### AIM OF THE TASK
For the records below, print the lines from the line with "Маршрут благовещенских активистов" through the line with "A címvédő Kiss" exactly as written; include both end lines and exclude the rest.

### DATASET RECORDS
★ ★ ★ ★ ★ ★ ★
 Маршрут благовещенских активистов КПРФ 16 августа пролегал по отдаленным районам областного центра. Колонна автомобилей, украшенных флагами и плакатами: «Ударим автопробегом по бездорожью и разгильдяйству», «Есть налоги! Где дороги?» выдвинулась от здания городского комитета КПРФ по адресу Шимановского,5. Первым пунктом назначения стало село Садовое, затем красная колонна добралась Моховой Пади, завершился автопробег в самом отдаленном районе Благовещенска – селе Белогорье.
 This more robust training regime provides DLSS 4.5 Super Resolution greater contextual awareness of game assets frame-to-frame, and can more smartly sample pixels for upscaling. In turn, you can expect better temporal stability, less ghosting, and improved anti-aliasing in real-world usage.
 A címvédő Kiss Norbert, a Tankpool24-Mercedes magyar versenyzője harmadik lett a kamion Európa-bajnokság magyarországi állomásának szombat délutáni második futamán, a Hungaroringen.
★ ★ ★ ★ ★ ★ ★
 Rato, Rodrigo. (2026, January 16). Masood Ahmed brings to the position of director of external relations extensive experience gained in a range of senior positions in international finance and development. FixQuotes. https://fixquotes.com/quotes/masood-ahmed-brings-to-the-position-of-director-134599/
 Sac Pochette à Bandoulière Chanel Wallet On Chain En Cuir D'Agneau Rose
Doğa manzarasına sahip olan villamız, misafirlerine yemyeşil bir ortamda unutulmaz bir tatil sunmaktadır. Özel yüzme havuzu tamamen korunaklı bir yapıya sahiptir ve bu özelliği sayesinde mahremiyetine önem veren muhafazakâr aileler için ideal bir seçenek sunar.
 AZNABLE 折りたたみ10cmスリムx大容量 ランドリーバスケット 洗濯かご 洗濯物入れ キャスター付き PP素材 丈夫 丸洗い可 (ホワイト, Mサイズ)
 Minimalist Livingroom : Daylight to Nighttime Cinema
★ ★ ★ ★ ★ ★ ★
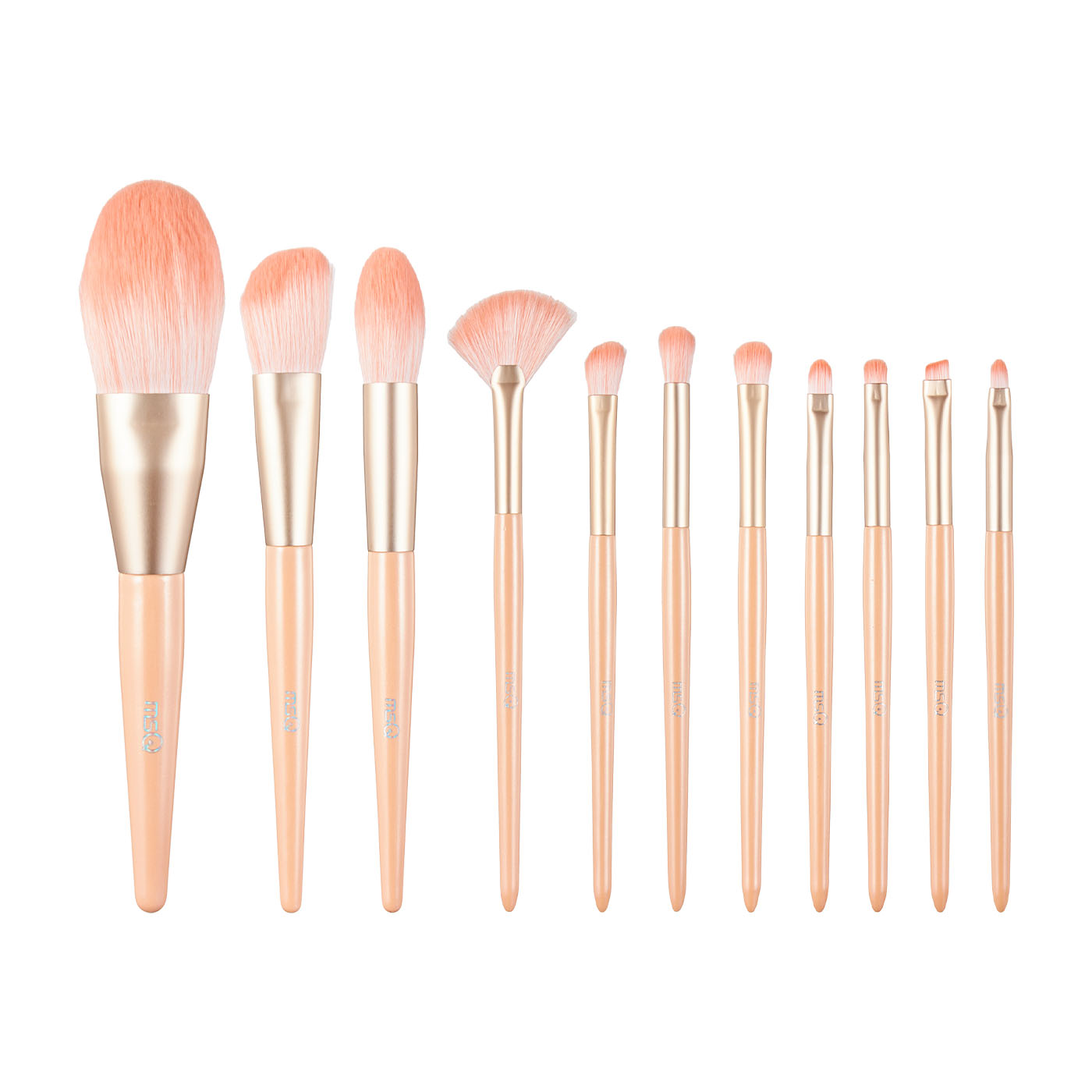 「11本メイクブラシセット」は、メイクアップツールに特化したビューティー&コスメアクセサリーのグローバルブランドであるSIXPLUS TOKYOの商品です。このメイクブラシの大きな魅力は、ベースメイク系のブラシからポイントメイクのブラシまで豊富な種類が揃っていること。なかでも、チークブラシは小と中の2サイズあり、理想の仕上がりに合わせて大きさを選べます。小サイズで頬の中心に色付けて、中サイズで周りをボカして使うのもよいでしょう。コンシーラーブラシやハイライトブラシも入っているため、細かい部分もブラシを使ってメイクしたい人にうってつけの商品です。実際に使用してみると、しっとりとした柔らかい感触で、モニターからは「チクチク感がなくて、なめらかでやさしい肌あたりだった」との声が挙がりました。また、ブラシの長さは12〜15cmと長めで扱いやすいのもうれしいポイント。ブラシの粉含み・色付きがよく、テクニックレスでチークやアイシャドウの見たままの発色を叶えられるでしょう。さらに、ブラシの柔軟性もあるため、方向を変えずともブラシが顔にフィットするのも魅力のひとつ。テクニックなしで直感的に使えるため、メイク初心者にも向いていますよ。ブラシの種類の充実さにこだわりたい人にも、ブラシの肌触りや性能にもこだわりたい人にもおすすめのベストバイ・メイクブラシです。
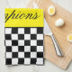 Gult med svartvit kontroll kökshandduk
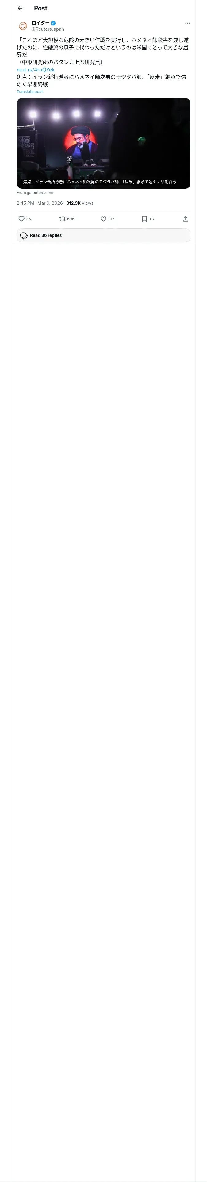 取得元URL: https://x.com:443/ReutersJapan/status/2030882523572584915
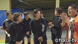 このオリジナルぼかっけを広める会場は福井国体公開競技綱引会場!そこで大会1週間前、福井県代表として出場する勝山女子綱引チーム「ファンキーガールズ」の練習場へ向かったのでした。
★ ★ ★ ★ ★ ★ ★
### ANSWER SPACE
 Маршрут благовещенских активистов КПРФ 16 августа пролегал по отдаленным районам областного центра. Колонна автомобилей, украшенных флагами и плакатами: «Ударим автопробегом по бездорожью и разгильдяйству», «Есть налоги! Где дороги?» выдвинулась от здания городского комитета КПРФ по адресу Шимановского,5. Первым пунктом назначения стало село Садовое, затем красная колонна добралась Моховой Пади, завершился автопробег в самом отдаленном районе Благовещенска – селе Белогорье.
 This more robust training regime provides DLSS 4.5 Super Resolution greater contextual awareness of game assets frame-to-frame, and can more smartly sample pixels for upscaling. In turn, you can expect better temporal stability, less ghosting, and improved anti-aliasing in real-world usage.
 A címvédő Kiss Norbert, a Tankpool24-Mercedes magyar versenyzője harmadik lett a kamion Európa-bajnokság magyarországi állomásának szombat délutáni második futamán, a Hungaroringen.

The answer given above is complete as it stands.